#### DESCRIPTION OF THE TASK
Reproduce the listing below in full and exactly; no pictures belong in the copy.

-- COLLECTED MATERIAL follows --

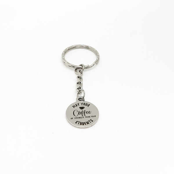 This is a great keychain gift with a stainless steel laser engraved charm with “May your coffee be stronger than your students” on it.
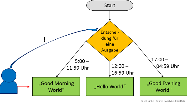 In der zweiten Ausbaustufe sorgen wir in unserem „Hello World“-Programm für etwas mehr Komplexität, indem wir nicht nur eine, sondern drei verschiedene Ausgaben zulassen: „Good Morning World“, „Good Evening World“ und weiterhin „Hello World“. Wir geben dem Programm feste Regeln für die Wahl der Ausgabe vor. So soll es vormittags den Besucher mit „Good Morning World“ begrüßen, abends ein „Good Evening World“ ausgeben und zu allen anderen Zeiten weiterhin auf das bekannte „Hello World“ zurückgreifen.
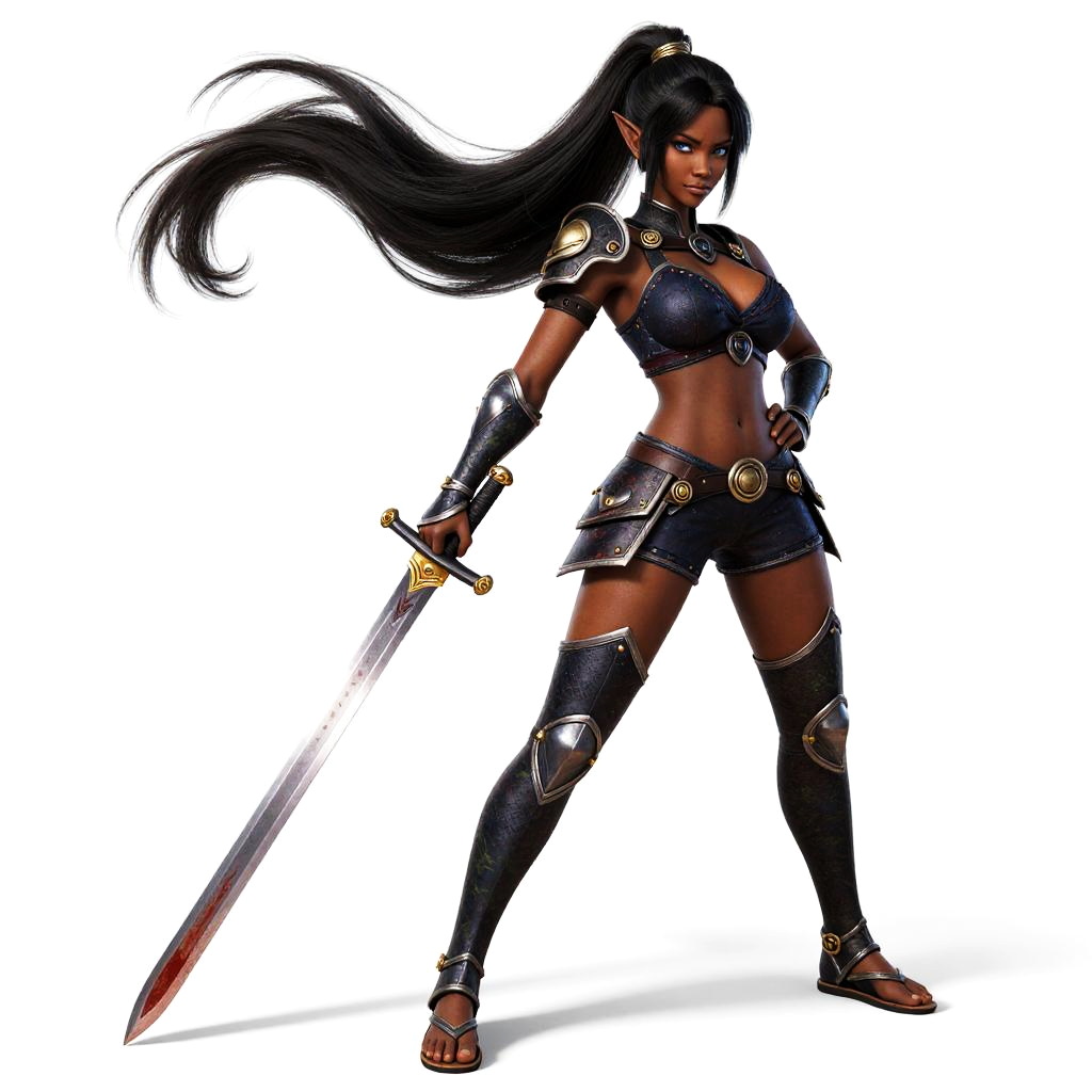 A digital illustration of a dark-skinned, muscular female warrior with long, flowing black hair. She stands confidently, holding a large, blood-stained sword in her right hand. She is dressed in dark, armored attire including a cropped top, short skirt, and arm guards, all adorned with metallic accents. Her pointed elf-like ears and intense gaze add to her fierce appearance. The background is plain white, highlighting her detailed, glossy armor and powerful stance. Her legs are covered in armored thigh guards, and she wears dark sandals. The image is highly detailed, emphasizing her strength and warrior persona.
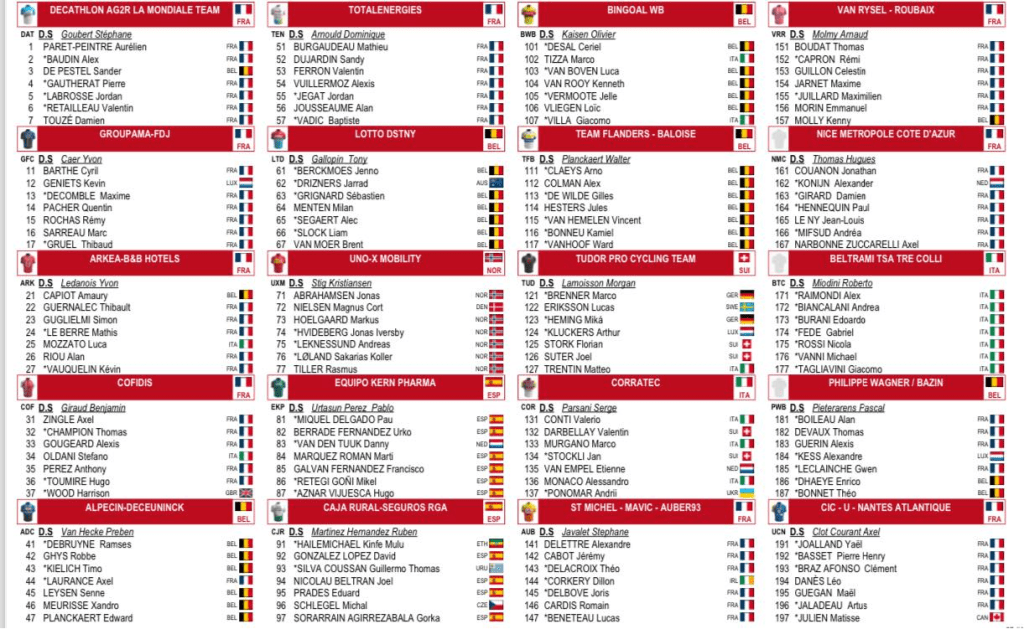 1 GENIETS 2 BAUDIN 3 VAUQUELIN 4 GAUTHERAT 5 MIQUEL 6 PACHER 7 BERCKMOES 8 PRADES 9 TRENTIN 10 GIRARD … 12 VAN MOER 16 PARET-PEINTRE 22 CAPIOT 27 VILLA 29 VERMOOTE 32 TIZZA 51 GRIGNARD 52 SEGAERT 53 DELACROIX 58 VAN BOVEN 68 GUERIN 76 LEYSEN 83 LECLAINCHE 87 SARREAU 92 MOLLY 97 MENTEN 107 BONNET 111 VLIEGEN 112 DESAL 115 DHAYE 117 PLANCKAERT ED 123 MOZZATO …

-- COLLECTED MATERIAL concluded --

#### WRITTEN SOLUTION
 This is a great keychain gift with a stainless steel laser engraved charm with “May your coffee be stronger than your students” on it.
 In der zweiten Ausbaustufe sorgen wir in unserem „Hello World“-Programm für etwas mehr Komplexität, indem wir nicht nur eine, sondern drei verschiedene Ausgaben zulassen: „Good Morning World“, „Good Evening World“ und weiterhin „Hello World“. Wir geben dem Programm feste Regeln für die Wahl der Ausgabe vor. So soll es vormittags den Besucher mit „Good Morning World“ begrüßen, abends ein „Good Evening World“ ausgeben und zu allen anderen Zeiten weiterhin auf das bekannte „Hello World“ zurückgreifen.
 A digital illustration of a dark-skinned, muscular female warrior with long, flowing black hair. She stands confidently, holding a large, blood-stained sword in her right hand. She is dressed in dark, armored attire including a cropped top, short skirt, and arm guards, all adorned with metallic accents. Her pointed elf-like ears and intense gaze add to her fierce appearance. The background is plain white, highlighting her detailed, glossy armor and powerful stance. Her legs are covered in armored thigh guards, and she wears dark sandals. The image is highly detailed, emphasizing her strength and warrior persona.
 1 GENIETS 2 BAUDIN 3 VAUQUELIN 4 GAUTHERAT 5 MIQUEL 6 PACHER 7 BERCKMOES 8 PRADES 9 TRENTIN 10 GIRARD … 12 VAN MOER 16 PARET-PEINTRE 22 CAPIOT 27 VILLA 29 VERMOOTE 32 TIZZA 51 GRIGNARD 52 SEGAERT 53 DELACROIX 58 VAN BOVEN 68 GUERIN 76 LEYSEN 83 LECLAINCHE 87 SARREAU 92 MOLLY 97 MENTEN 107 BONNET 111 VLIEGEN 112 DESAL 115 DHAYE 117 PLANCKAERT ED 123 MOZZATO …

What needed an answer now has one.